The former small screen nurse admits that she’s more cautious about germs since working on The Hot Zone. Not only does she catch herself wash her hands more, but she’s more aware of those around her.
“I wash my hands more and I’m very aware of what I’m touching. I now carry wipes in my bag, which i never used to do,” she explained. “It’s not just the hand washing. I worked with Nancy Jaax’s nephew who’s an infectious disease specialist, one of the top in the field. He told me that infectious disease specialists never touch their face.
He said, ‘Now that you know that, you’re going to watch people and you’re going to see how many times in five minutes they will touch their face.
He told me he never gets the flu. He maybe gets sick once every six years because he’s not constantly touching his face. So now, I’m always sitting on my hands so that I’m not touching my face.”
Margulies hopes that people will pay more attention to the news and the lack there of front page coverage of infectious diseases. With many health reporters losing their jobs recently, it’s even more important that citizens stay on top of agencies like the Center For Disease Control.
“There was a lot of stories about Ebola the whole time we were shooting,” she said. “Every day there seemed to be another story about Ebola but in small print, which i found disturbing that it wasn’t on the front page.
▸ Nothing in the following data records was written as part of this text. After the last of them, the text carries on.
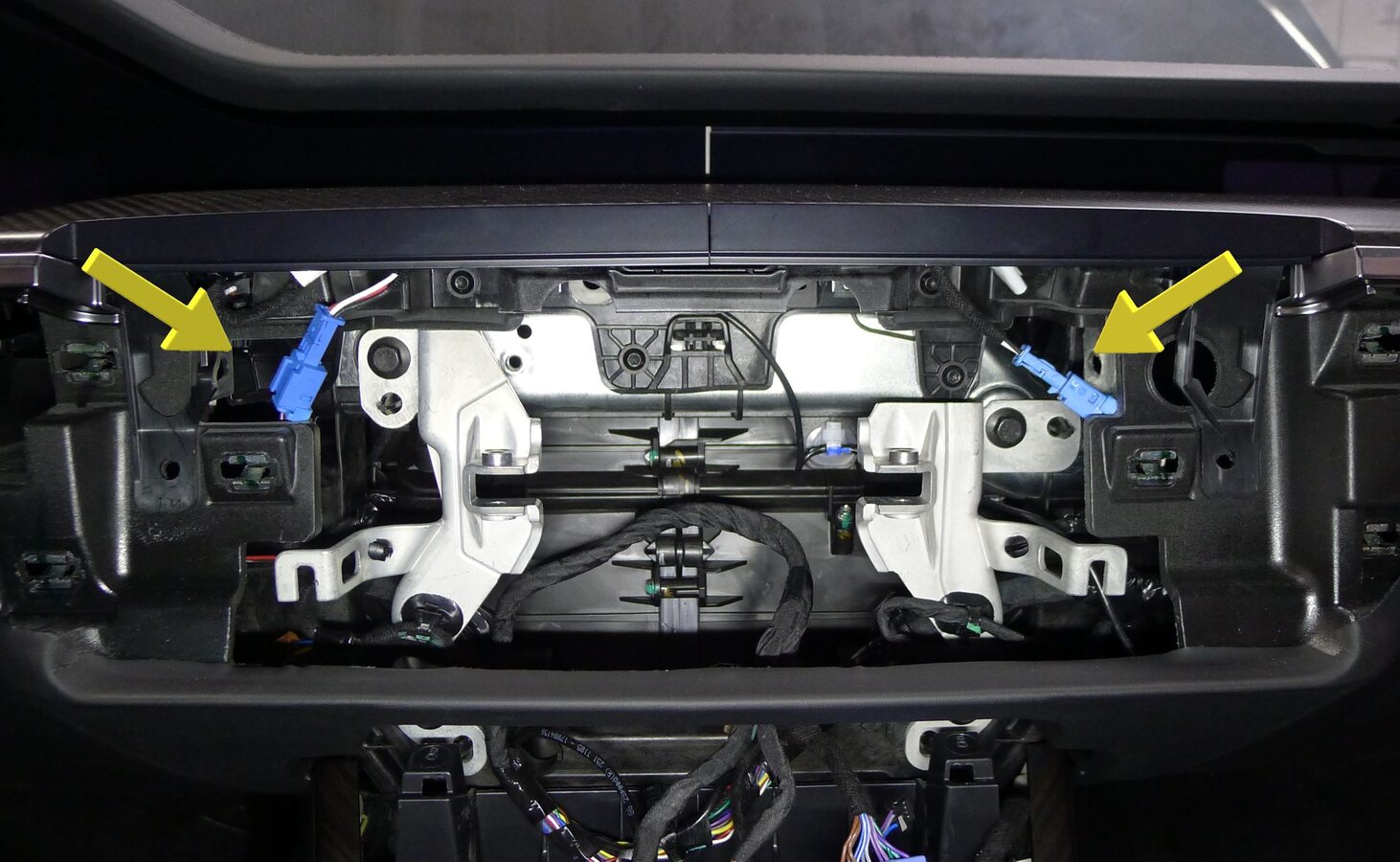 注21x clips, 6x datums, 4x connectors, Release each IP decor connector clip from IP carrier then disconnect from IP harness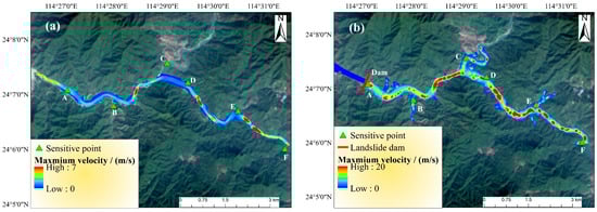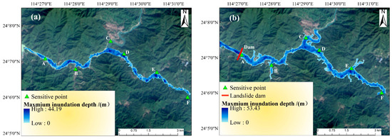 (3) The HEC-RAS 6.4.1 model is employed to simulate outburst flood evolution. The timing of dam failure is determined, and a novel emergency response parameter, outburst flood arrival time (FAT), is introduced to define the time threshold for initiating downstream evacuation. This provides a critical time window for timely implementation of actions for affected populations of downstream regions. In addition, outburst floods exhibit greater destructive potential and more intricate inundation characteristics than typical mountain flash floods. This underscores the need for flood control planning to incorporate separate analyses of landslide dam failure scenarios, thereby enhancing the effectiveness of mitigation measures and ensuring broader evacuation zones for improved safety assurance.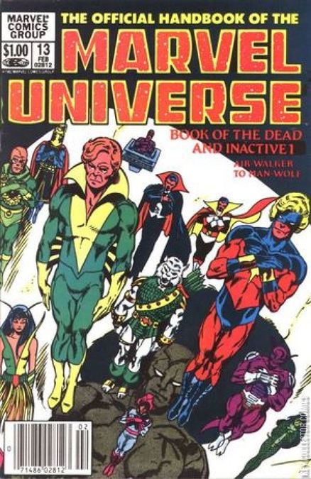 Book of the Dead and Inactive 1. Official Handbook containing profiles on characters listed from Air-Walker to Man-Wolf.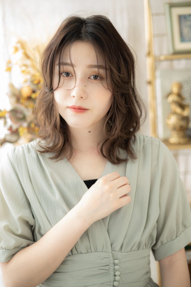 斜めバング厚めバング、シースルーバングかきあげ前髪で小顔。くせ毛風ゆるふわミディや耳かけ前下がりウルフも大人かわいい。切りっぱなしボブミニボブ、マッシュボブナチュラルボブも人気。(メイク担当:川口店岩渕)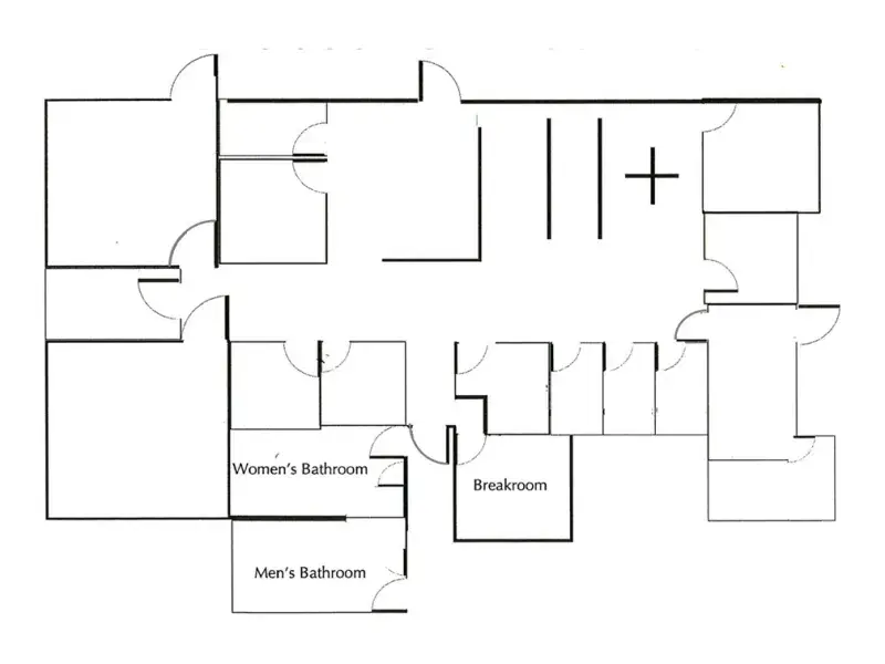 This single level office suite is comprised of nine private offices, two large meeting rooms, open work areas, and a breakroom.

It just makes our show more relevant and more timely. I think the biggest issues is that everyone thinks that because Ebola is found in faraway African villages that it has nothing to do with us here in the U.S.
And to see something that happened in 1989, to see that Ebola touched U.S. soil and that the CDC’s reaction was basically, ‘We dodged a bullet.’ And the pathologists and the researchers working on this say, ‘No, no, no, we didn’t dodge a bullet. We need to find a cure. There’s nothing that you can take. This has a 90% fatality rate.’
So I feel like, the more stories that are coming up about journalists that are losing their jobs that work in the health departments of newspapers, is frightening.
It’s good that it’s out there, that people understand that this is something they should take seriously but I don’t see any action.”